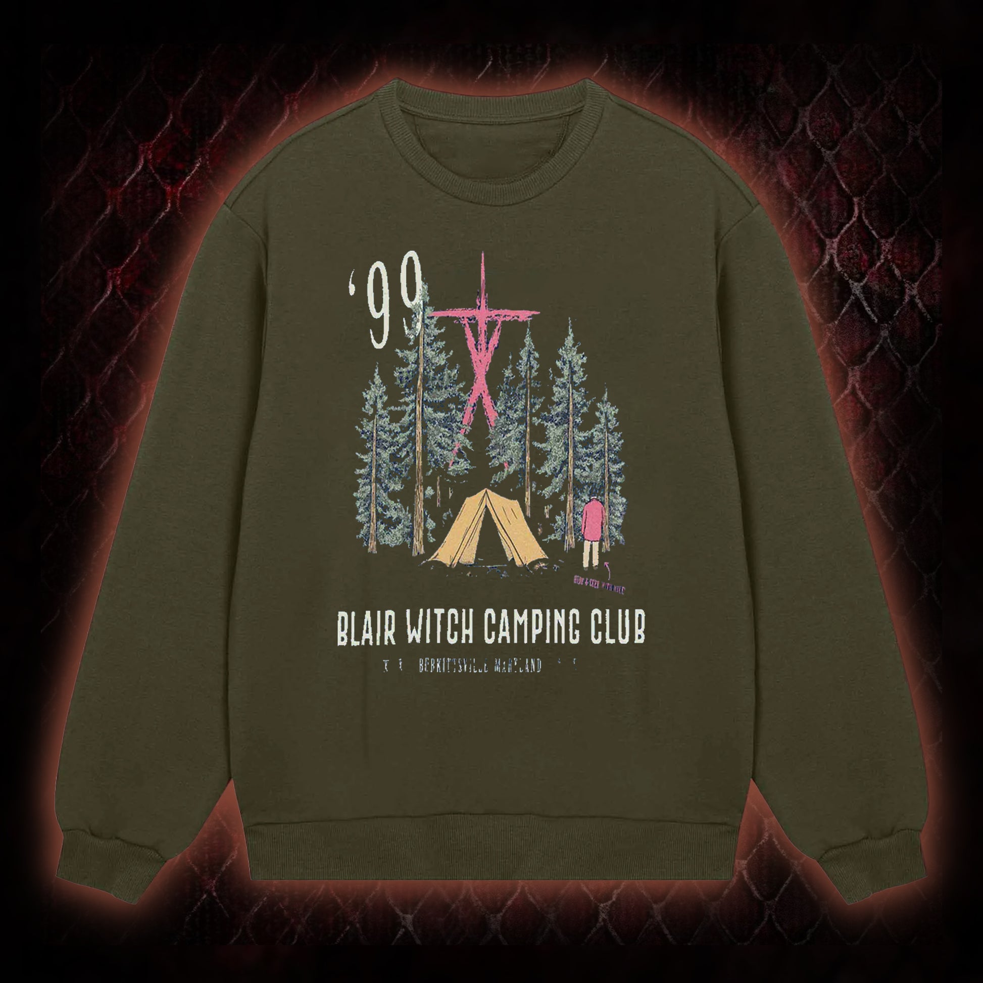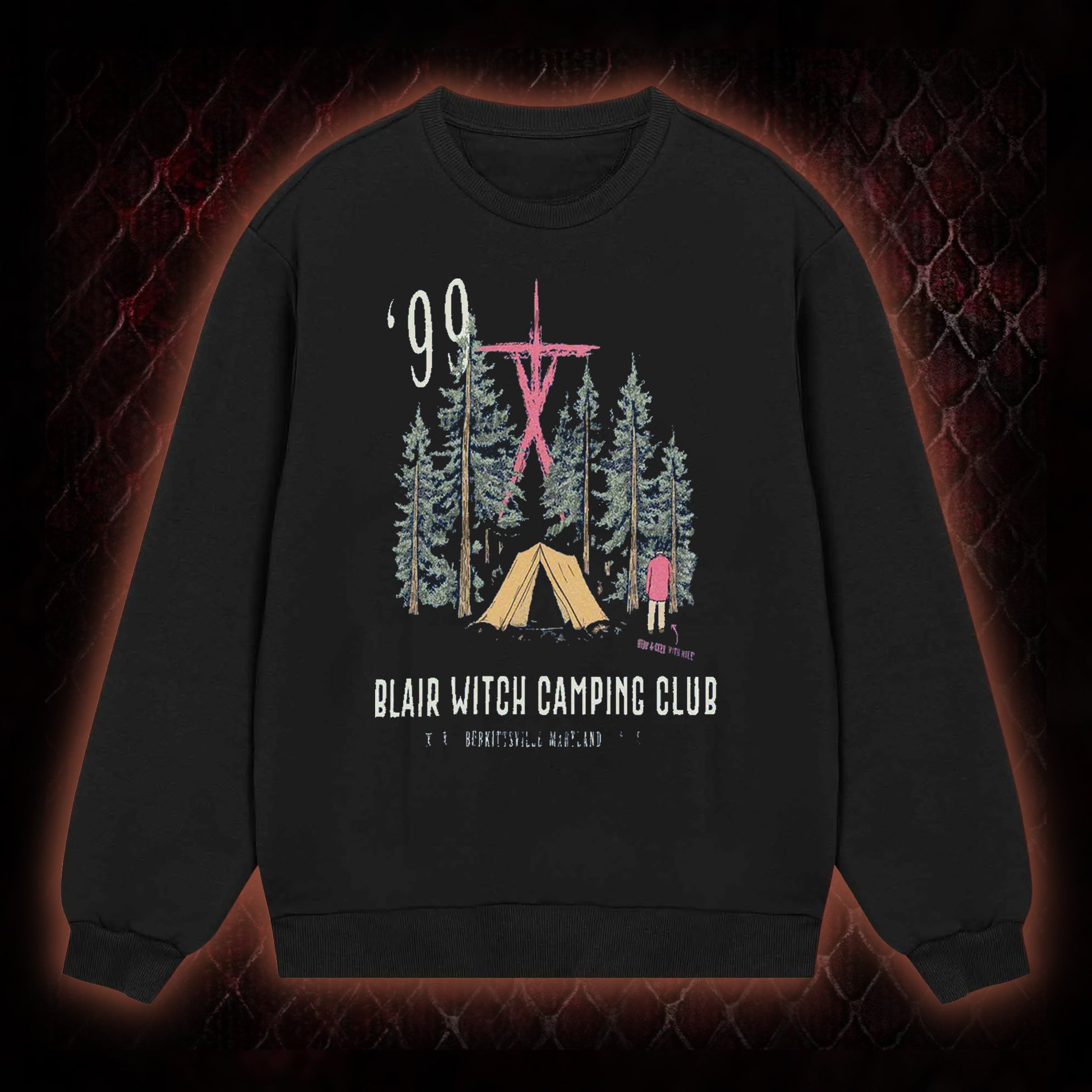 The graphic integrates core elements of the iconic 1999 found-footage horror film: the '¡¯99' year marker (aligning with the film¡¯s release), 'Blair Witch Camping Club' branding (tied to the film¡¯s central camping expedition premise), the setting¡¯s signature forest backdrop, and the film¡¯s eerie symbolic iconography. It also references 'Burkittsville, Maryland' (the film¡¯s fictional horror locale), authentically honoring the franchise¡¯s foundational found-footage horror aesthetic.
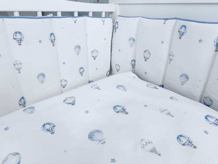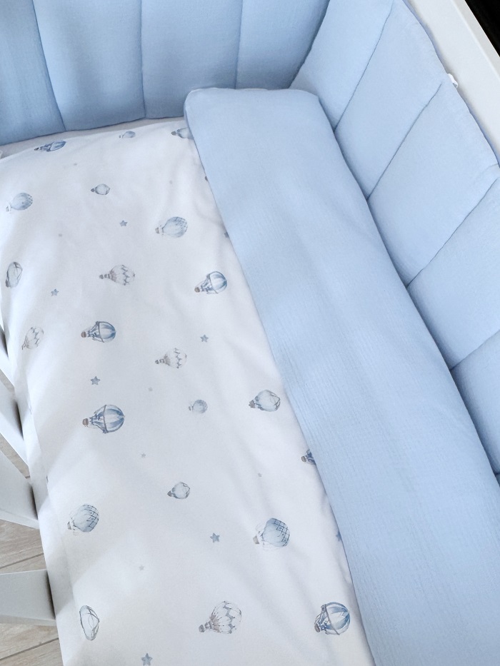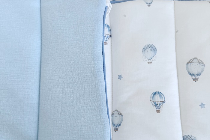 - Стёганый бампер. Дизайн: С одной стороны — принт, с другой — однотонный, из голубого муслина. По краю — голубой кант. Состоит из: 4 частей (изголовье, изножье и 2 боковины по 2 секции каждая). Высота: 30 см. Крепление: мягкие текстильные завязки. Молния: отсутствует
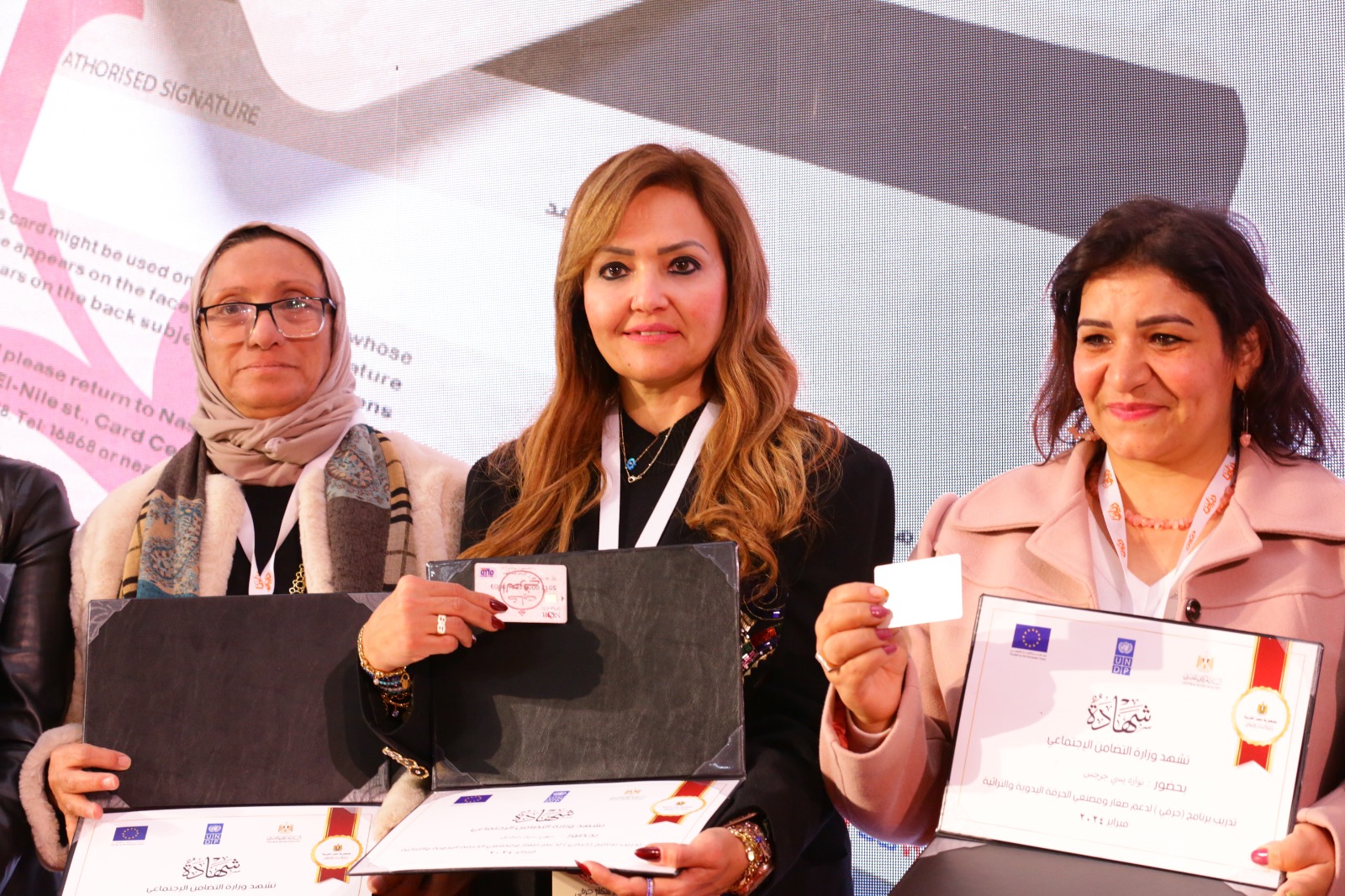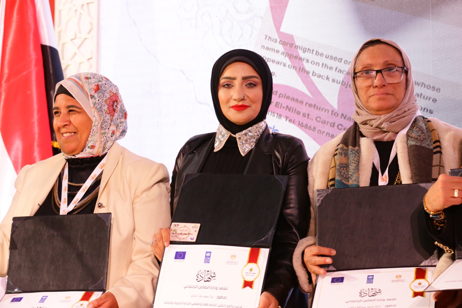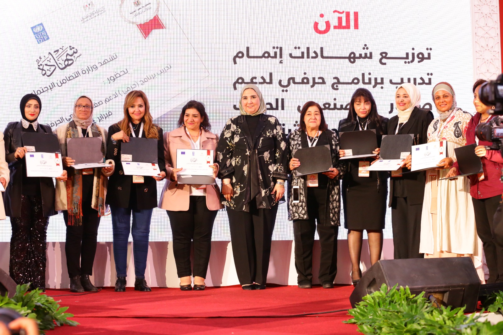 وسلمت القباج عددا من الشهادات لمتدربي برنامج "حرفي" لدعم صغار ومصنعي الحرف اليدوية والتراثية والذي تنفذه وزارة التضامن الاجتماعي بالتعاون مع البنك المركزي المصري.

**TASK STATEMENT**
An exact copy of the data is required, with the pictures excluded.

**SOLUTION TO THIS TASK**
 The graphic integrates core elements of the iconic 1999 found-footage horror film: the '¡¯99' year marker (aligning with the film¡¯s release), 'Blair Witch Camping Club' branding (tied to the film¡¯s central camping expedition premise), the setting¡¯s signature forest backdrop, and the film¡¯s eerie symbolic iconography. It also references 'Burkittsville, Maryland' (the film¡¯s fictional horror locale), authentically honoring the franchise¡¯s foundational found-footage horror aesthetic.
 - Стёганый бампер. Дизайн: С одной стороны — принт, с другой — однотонный, из голубого муслина. По краю — голубой кант. Состоит из: 4 частей (изголовье, изножье и 2 боковины по 2 секции каждая). Высота: 30 см. Крепление: мягкие текстильные завязки. Молния: отсутствует
 وسلمت القباج عددا من الشهادات لمتدربي برنامج "حرفي" لدعم صغار ومصنعي الحرف اليدوية والتراثية والذي تنفذه وزارة التضامن الاجتماعي بالتعاون مع البنك المركزي المصري.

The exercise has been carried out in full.